Глава 1187 — Две Стороны

Однако время тоже было огромной проблемой для Линь Ли. Несмотря на то, что у него был способ искажать законы времени, он не мог часто использовать это решение. Когда он был в подземном мире, его также вынудил Верховный жрец Поер, который не оставил ему иного выбора, кроме как исказить законы времени, чтобы выиграть время для себя.

Менее чем за секунду Линь Ли заплатил огромную цену, и это было то, что если бы его сила больше не могла улучшаться, его продолжительность жизни стала бы на сотни лет короче, чем у других электростанций Убежища из-за искажения законов времени. Хотя говорили, что электростанции Санктуария имеют бесконечную продолжительность жизни, на самом деле это было просто преувеличением, потому что никто не мог жить вечно. Даже боги и божества пали бы, не говоря уже о властителях Святилища, которым еще предстояло освободиться от ограничений Мировых законов.

Кроме того, если он продолжит использовать этот метод для искажения законов времени, цена, которую придется заплатить в долгосрочной перспективе, будет намного выше простого сокращения его жизни. Его душа и умственные силы могут быть повреждены, и в серьезных случаях он может потерять все надежды на достижение божественности. Следовательно, даже обладая способностью искажать законы времени, Линь Ли не осмеливался использовать его без разбора. У него не было другого выбора, кроме как как следует изучить магвита.

На самом деле, в Башне Сумерек был массив магической силы, который мог образовывать Область Времени, в которую многие маги Башни Сумерек входили раньше. Там они также овладели некоторыми магическими заклинаниями и техниками. Однако эта Временная Область была эффективна только для магов ниже Легендарного уровня. Для таких электростанций Убежища, как Линь Ли, это было не очень полезно.

Временная область, которую использовал Линь Ли, в основном предназначалась для выращивания трав и магических зверей или для повышения эффективности зелий и т. Д. Если бы Область Времени тоже была полезна для него, он бы уже стал стариком, потому что часто оставался там, чтобы готовить зелья.
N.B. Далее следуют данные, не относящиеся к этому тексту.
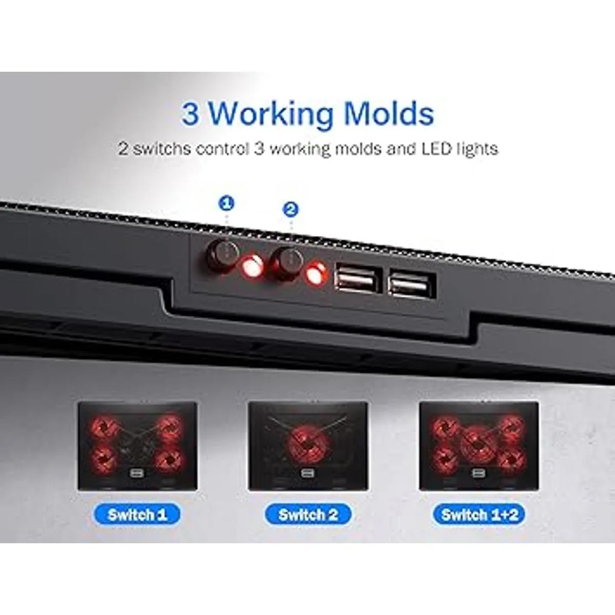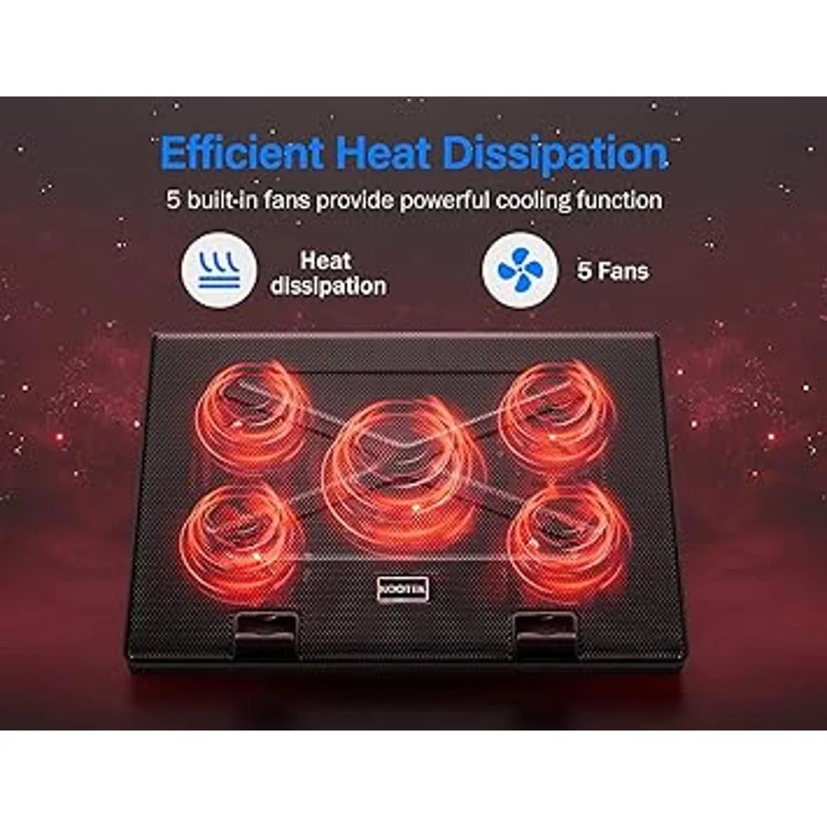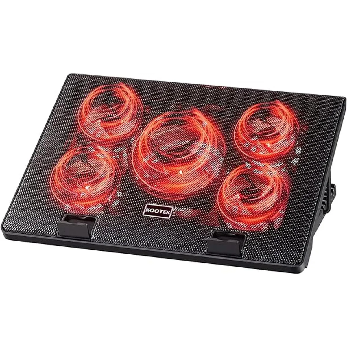 Kootek Almohadilla de refrigeración para laptop de 12 a 17 pulgadas, 5 ventiladores silenciosos, luces LED y 2 puertos USB 2.0, soportes ajustables, ángulo de altura de soporte para laptop, color rojo

Если бы существовал массив магов, который мог бы генерировать Временную Область, которая могла бы искажать законы времени, как это было раньше у Линь Ли, его можно было бы считать находящимся на уровне Божественного Кузнеца. По крайней мере, с нынешними достижениями Линь Ли в области надписей он все еще не мог создать такой массив магической силы. Возможно, когда Линь Ли постигнет от 30% до 50% магической силы уровня Божественного Кузнеца на памятнике, он сможет создать такую мощную Временную Область. Однако теперь он был далек от того, чтобы сделать это.

Однако, даже если Линь Ли не смог получить ясного понимания магической силы уровня Божественного Кузнеца, он вообще ничего не получил в процессе ее изучения. Линь Ли понял, что изучение этого было сродни сдаче экзамена по надписи, так как это требовало большого объема знаний в области надписи, и это было почти как краткое изложение знаний, которые он приобрел.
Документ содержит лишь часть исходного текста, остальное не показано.